[Stored records]
──────────

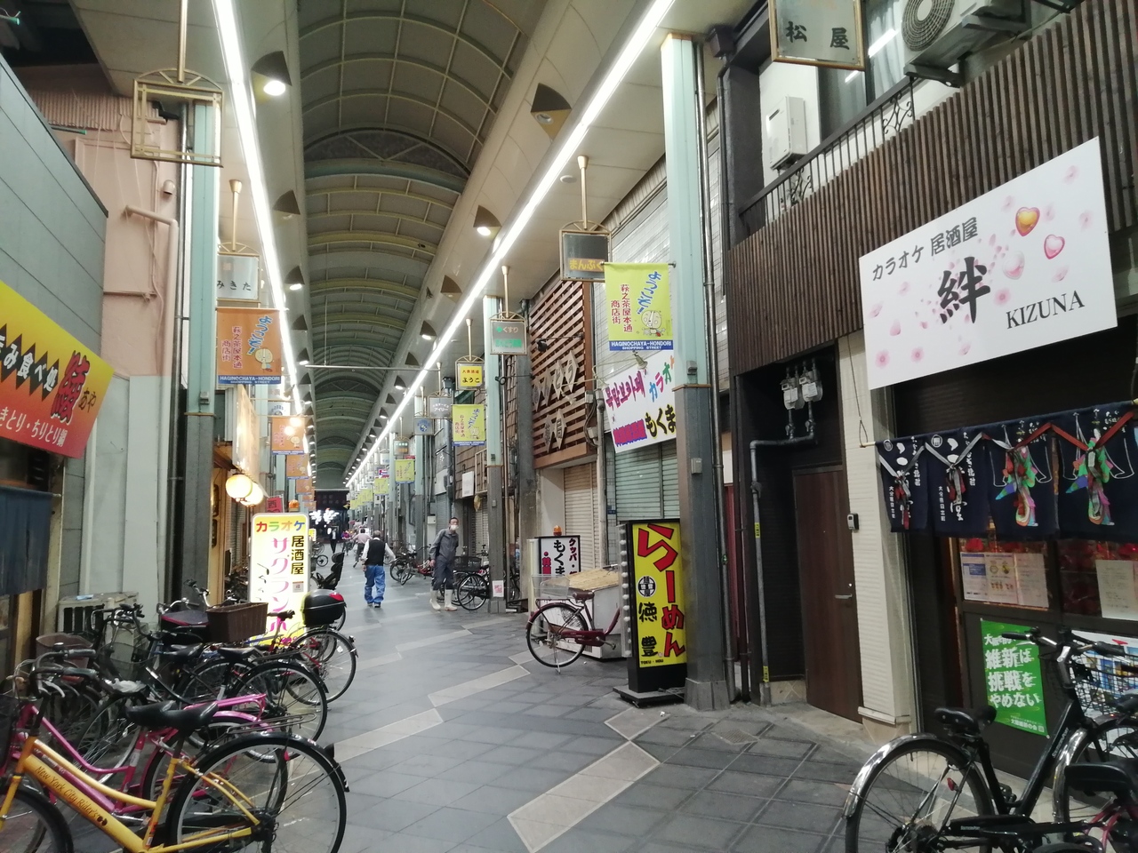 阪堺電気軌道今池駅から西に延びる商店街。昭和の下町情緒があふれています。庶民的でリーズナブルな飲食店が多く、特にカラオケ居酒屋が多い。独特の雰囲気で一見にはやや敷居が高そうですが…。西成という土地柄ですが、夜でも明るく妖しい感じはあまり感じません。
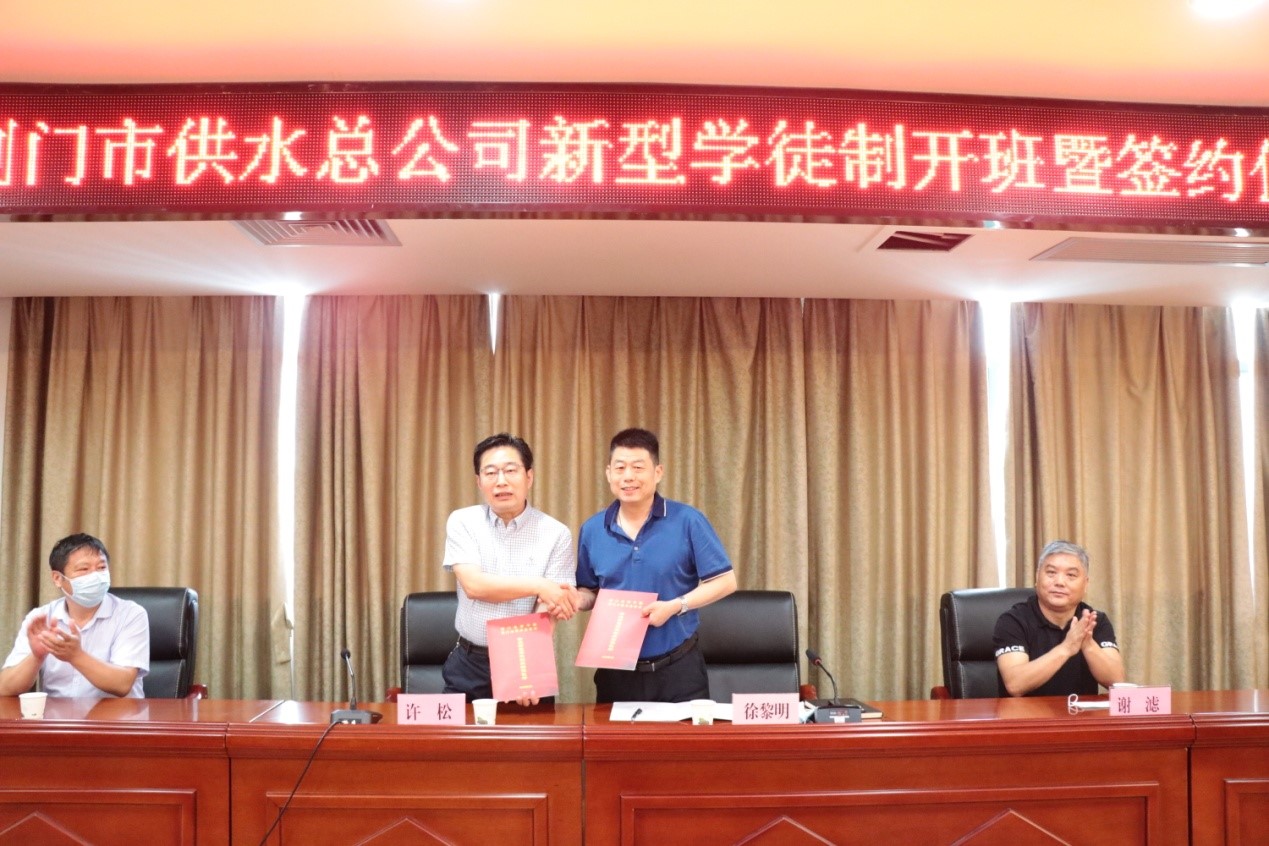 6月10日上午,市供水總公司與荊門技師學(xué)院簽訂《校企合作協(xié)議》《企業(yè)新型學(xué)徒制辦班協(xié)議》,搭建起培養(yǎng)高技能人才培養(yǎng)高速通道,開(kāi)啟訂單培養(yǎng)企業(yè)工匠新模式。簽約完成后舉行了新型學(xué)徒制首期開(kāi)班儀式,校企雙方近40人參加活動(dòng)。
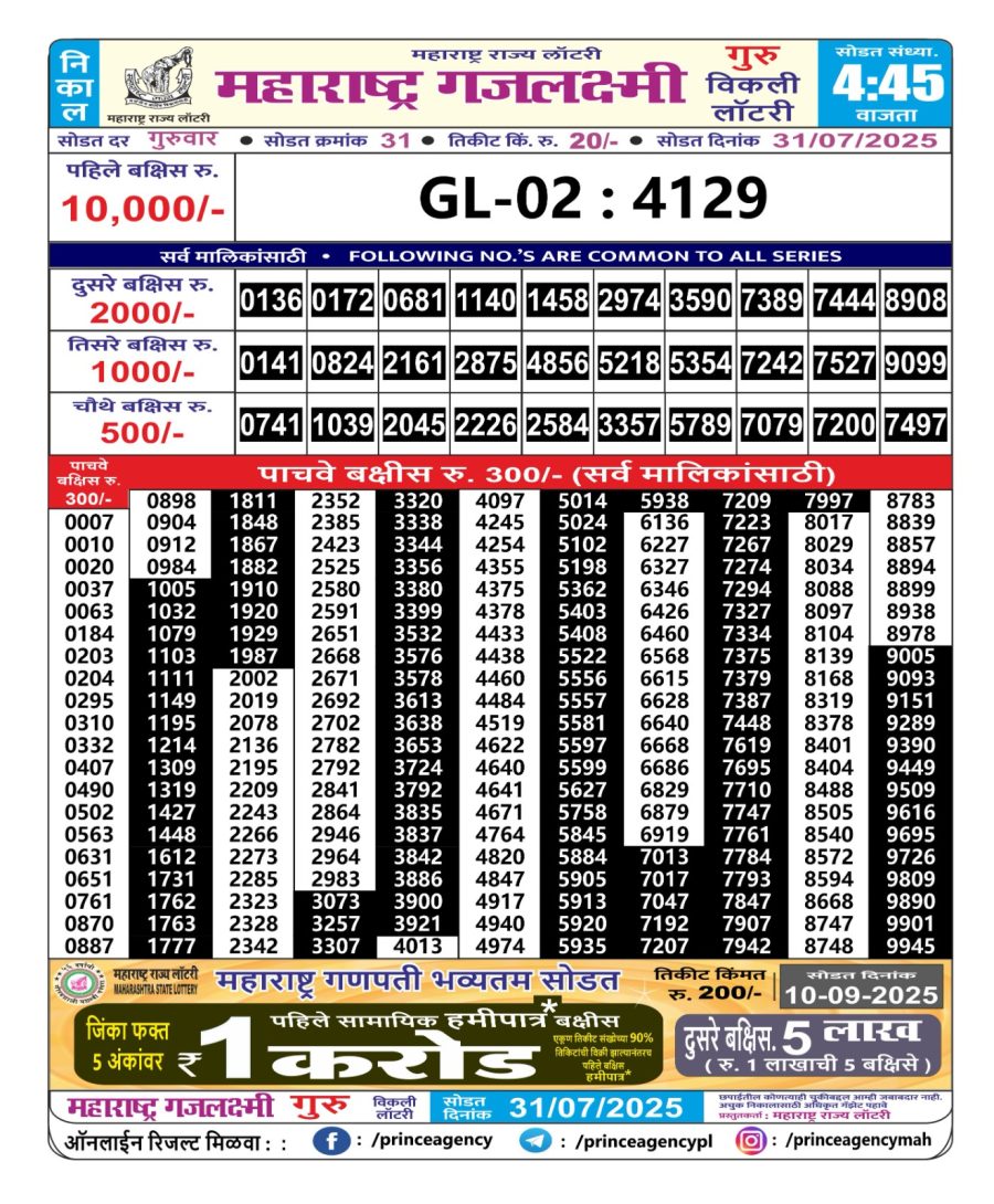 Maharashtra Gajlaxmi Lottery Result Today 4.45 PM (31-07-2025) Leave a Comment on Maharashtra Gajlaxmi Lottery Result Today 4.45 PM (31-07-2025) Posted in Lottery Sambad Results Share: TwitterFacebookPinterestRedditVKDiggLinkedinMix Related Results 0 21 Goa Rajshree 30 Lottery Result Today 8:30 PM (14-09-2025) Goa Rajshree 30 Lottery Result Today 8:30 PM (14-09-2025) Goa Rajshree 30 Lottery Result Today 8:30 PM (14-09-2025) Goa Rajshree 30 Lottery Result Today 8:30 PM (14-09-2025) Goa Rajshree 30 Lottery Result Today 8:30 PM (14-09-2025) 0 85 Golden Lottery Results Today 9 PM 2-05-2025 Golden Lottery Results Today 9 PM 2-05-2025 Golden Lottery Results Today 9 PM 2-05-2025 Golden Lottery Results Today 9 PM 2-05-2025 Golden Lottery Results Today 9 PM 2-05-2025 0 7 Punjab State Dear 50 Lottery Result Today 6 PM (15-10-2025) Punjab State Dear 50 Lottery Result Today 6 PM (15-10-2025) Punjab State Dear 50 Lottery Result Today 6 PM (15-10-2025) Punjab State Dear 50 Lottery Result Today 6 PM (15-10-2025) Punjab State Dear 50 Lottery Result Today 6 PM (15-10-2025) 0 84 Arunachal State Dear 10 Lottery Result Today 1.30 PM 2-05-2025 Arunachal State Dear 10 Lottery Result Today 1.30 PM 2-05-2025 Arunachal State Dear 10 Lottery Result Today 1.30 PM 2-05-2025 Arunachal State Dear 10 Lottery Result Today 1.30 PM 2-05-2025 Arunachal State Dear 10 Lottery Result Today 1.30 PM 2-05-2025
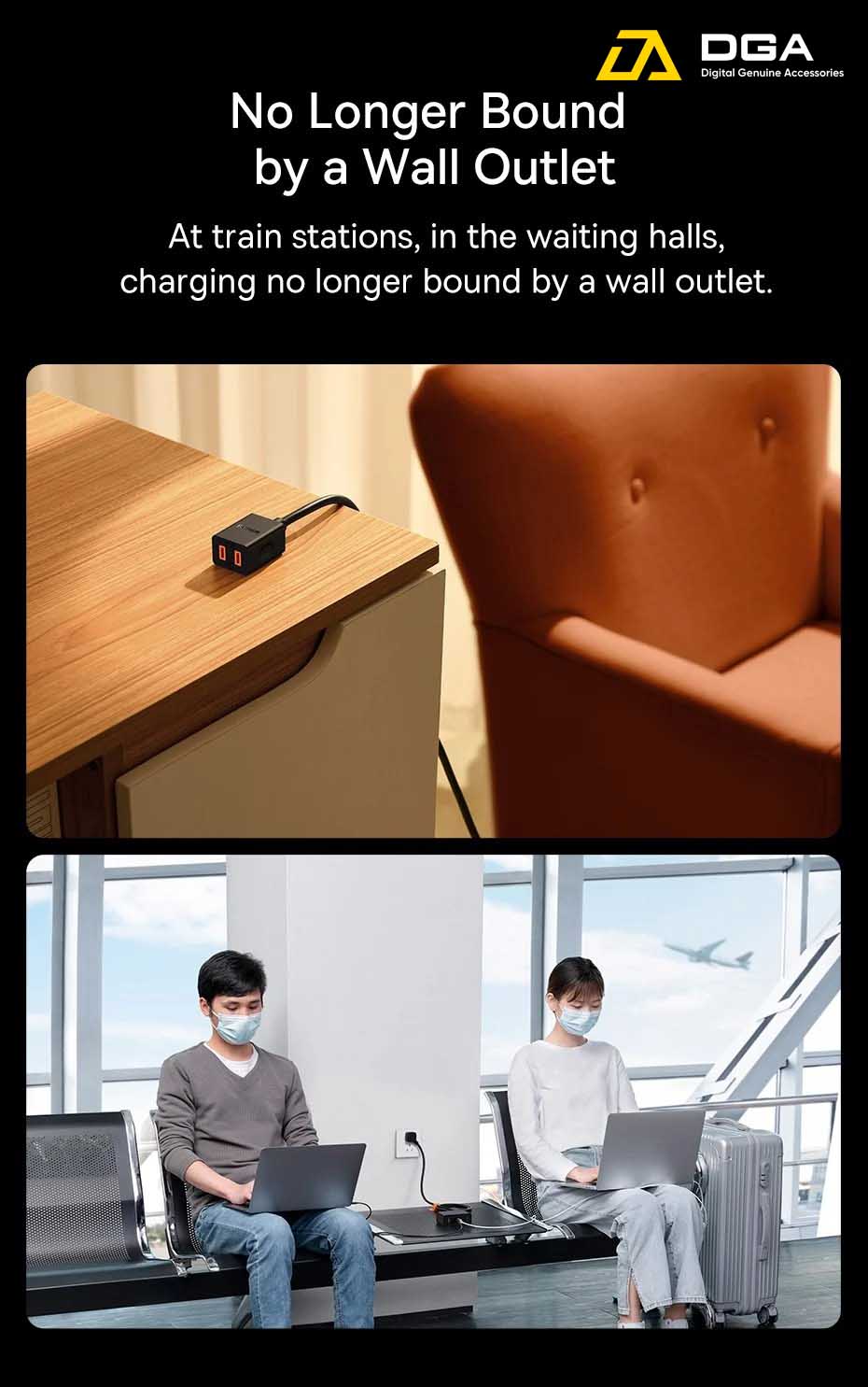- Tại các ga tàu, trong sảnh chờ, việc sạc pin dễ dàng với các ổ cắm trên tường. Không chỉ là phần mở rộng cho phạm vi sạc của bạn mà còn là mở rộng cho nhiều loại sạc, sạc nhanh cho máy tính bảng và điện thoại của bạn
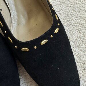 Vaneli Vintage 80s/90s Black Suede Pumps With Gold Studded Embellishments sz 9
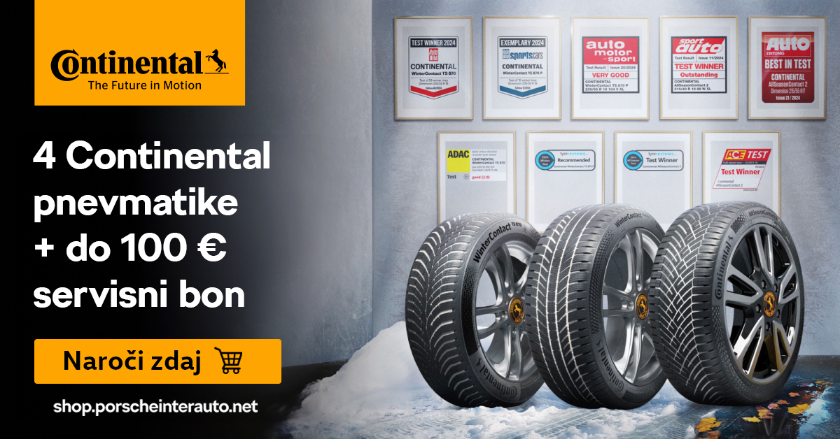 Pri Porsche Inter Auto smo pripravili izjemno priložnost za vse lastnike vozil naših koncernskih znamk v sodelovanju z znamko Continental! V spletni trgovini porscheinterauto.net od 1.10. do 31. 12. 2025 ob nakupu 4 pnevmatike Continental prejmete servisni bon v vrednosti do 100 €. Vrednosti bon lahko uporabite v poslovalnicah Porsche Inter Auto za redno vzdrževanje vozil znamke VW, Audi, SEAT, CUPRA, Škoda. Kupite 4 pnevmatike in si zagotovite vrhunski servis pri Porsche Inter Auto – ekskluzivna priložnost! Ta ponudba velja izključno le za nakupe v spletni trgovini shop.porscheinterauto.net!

──────────

Instructions for the task = Give back the data verbatim. The pictures are not part of the copy.

Task response =
 阪堺電気軌道今池駅から西に延びる商店街。昭和の下町情緒があふれています。庶民的でリーズナブルな飲食店が多く、特にカラオケ居酒屋が多い。独特の雰囲気で一見にはやや敷居が高そうですが…。西成という土地柄ですが、夜でも明るく妖しい感じはあまり感じません。
 6月10日上午,市供水總公司與荊門技師學(xué)院簽訂《校企合作協(xié)議》《企業(yè)新型學(xué)徒制辦班協(xié)議》,搭建起培養(yǎng)高技能人才培養(yǎng)高速通道,開(kāi)啟訂單培養(yǎng)企業(yè)工匠新模式。簽約完成后舉行了新型學(xué)徒制首期開(kāi)班儀式,校企雙方近40人參加活動(dòng)。
 Maharashtra Gajlaxmi Lottery Result Today 4.45 PM (31-07-2025) Leave a Comment on Maharashtra Gajlaxmi Lottery Result Today 4.45 PM (31-07-2025) Posted in Lottery Sambad Results Share: TwitterFacebookPinterestRedditVKDiggLinkedinMix Related Results 0 21 Goa Rajshree 30 Lottery Result Today 8:30 PM (14-09-2025) Goa Rajshree 30 Lottery Result Today 8:30 PM (14-09-2025) Goa Rajshree 30 Lottery Result Today 8:30 PM (14-09-2025) Goa Rajshree 30 Lottery Result Today 8:30 PM (14-09-2025) Goa Rajshree 30 Lottery Result Today 8:30 PM (14-09-2025) 0 85 Golden Lottery Results Today 9 PM 2-05-2025 Golden Lottery Results Today 9 PM 2-05-2025 Golden Lottery Results Today 9 PM 2-05-2025 Golden Lottery Results Today 9 PM 2-05-2025 Golden Lottery Results Today 9 PM 2-05-2025 0 7 Punjab State Dear 50 Lottery Result Today 6 PM (15-10-2025) Punjab State Dear 50 Lottery Result Today 6 PM (15-10-2025) Punjab State Dear 50 Lottery Result Today 6 PM (15-10-2025) Punjab State Dear 50 Lottery Result Today 6 PM (15-10-2025) Punjab State Dear 50 Lottery Result Today 6 PM (15-10-2025) 0 84 Arunachal State Dear 10 Lottery Result Today 1.30 PM 2-05-2025 Arunachal State Dear 10 Lottery Result Today 1.30 PM 2-05-2025 Arunachal State Dear 10 Lottery Result Today 1.30 PM 2-05-2025 Arunachal State Dear 10 Lottery Result Today 1.30 PM 2-05-2025 Arunachal State Dear 10 Lottery Result Today 1.30 PM 2-05-2025
- Tại các ga tàu, trong sảnh chờ, việc sạc pin dễ dàng với các ổ cắm trên tường. Không chỉ là phần mở rộng cho phạm vi sạc của bạn mà còn là mở rộng cho nhiều loại sạc, sạc nhanh cho máy tính bảng và điện thoại của bạn
 Vaneli Vintage 80s/90s Black Suede Pumps With Gold Studded Embellishments sz 9
 Pri Porsche Inter Auto smo pripravili izjemno priložnost za vse lastnike vozil naših koncernskih znamk v sodelovanju z znamko Continental! V spletni trgovini porscheinterauto.net od 1.10. do 31. 12. 2025 ob nakupu 4 pnevmatike Continental prejmete servisni bon v vrednosti do 100 €. Vrednosti bon lahko uporabite v poslovalnicah Porsche Inter Auto za redno vzdrževanje vozil znamke VW, Audi, SEAT, CUPRA, Škoda. Kupite 4 pnevmatike in si zagotovite vrhunski servis pri Porsche Inter Auto – ekskluzivna priložnost! Ta ponudba velja izključno le za nakupe v spletni trgovini shop.porscheinterauto.net!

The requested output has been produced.